Why does the following code produce an access violation error? (PC ver 7.00.350)
#include <stdio.h>
#include <stdlib.h>
int main(void)
{ char *c = "xxx...xxx";
sprintf(c+3, "%d", 123);
printf(c); // should print: xxx123
return 0;
}
It's because you are trying to change a string constant.
#include <stdio.h>
#include <stdlib.h>
int main(void)
{ char c[12] = "xxx...xxx";
sprintf(&c[3], "%d", 123);
printf(c); // should print: xxx123
return 0;
}
Or, most correctly....
#include <stdio.h>
#include <stdlib.h>
int main(void)
{ char c[8];
sprintf(c, "xxx%d", 123);
printf(c); // should print: xxx123
return 0;
}
Thanx -- I "should" have thought about it but... :)
This one works okay too:
#include <stdio.h>
#include <stdlib.h>
int main(void)
{ char c[] = "xxx...xxx"; // <--- c[] instead of *c
sprintf(c+3, "%d", 123);
printf(c); // should print: xxx123
return 0;
}
Quote from: akko on July 13, 2012, 01:34:56 PM
Thanx -- I "should" have thought about it but... :)

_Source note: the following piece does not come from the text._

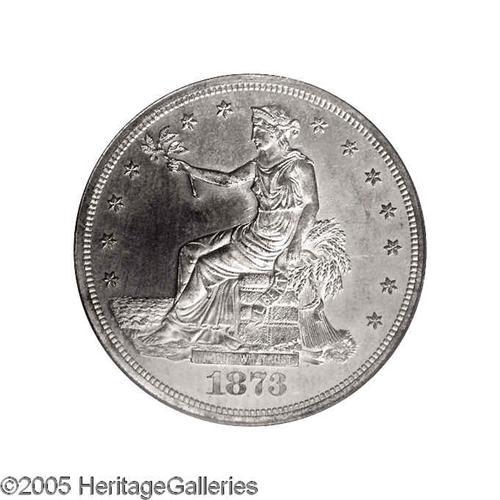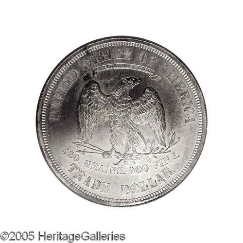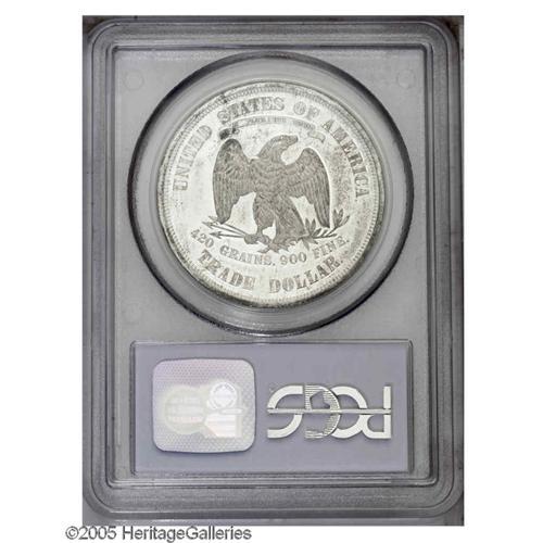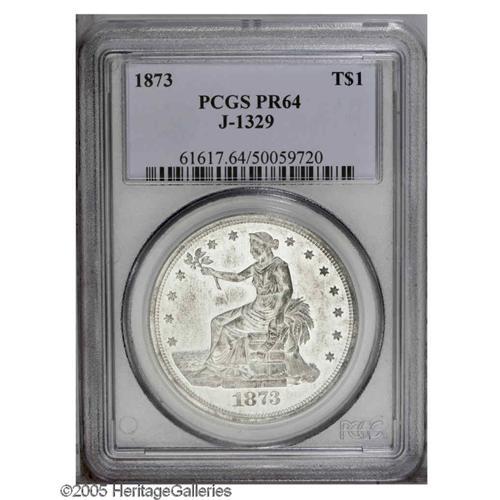 <B>1873<T$1> Trade Dollar, Judd-1329, Pollock-1474, High R.7, PR64 PCGS.</B></I> From regular issue dies, but struck in white metal with a reeded edge. An extremely rare pattern, PCGS has certified only two pieces, this and a PR60. NGC has not encapsulated an example of the Judd variety. Judd-1329 is confirmed as a dies trial, rather than a delicacy created for collectors. uspatterns.com quotes from a July 11, 1873 letter that Mint Superintendent James Pollock wrote to Mint Director Henry Linderman: "I send you specimen of trade dollar in tin struck today. We will commence the regular coinage of trade $ in a few hours. The enclosed will give you a tolerably correct idea of the silver dollar." This pinpoint-sharp specimen has attractive field reflectivity, and although both sides exhibit die rust and die striations (as made), post-strike contact is nearly absent. A wonderful addition to an advanced Trade Dollar collection. An opportunity to acquire this extremely rare pattern, particularly in desirable condition, may not arise again for many years.

No worries... glad I could help.
Quote from: akko on July 13, 2012, 11:53:53 AM
Why does the following code produce an access violation error? (PC ver 7.00.350)
Don't know if it is clear to you. The error is not in the sprintf call but in
char *c = "xxx...xxx";
Quote from: czerny on July 13, 2012, 07:11:22 PM
Don't know if it is clear to you. The error is not in the sprintf call but in
char *c = "xxx...xxx";
Hi Czerny:
There's nothing wrong with using a pointer to a string constant, it's done all the time.
The access violation comes from attempting to change a constant value; the string in this case.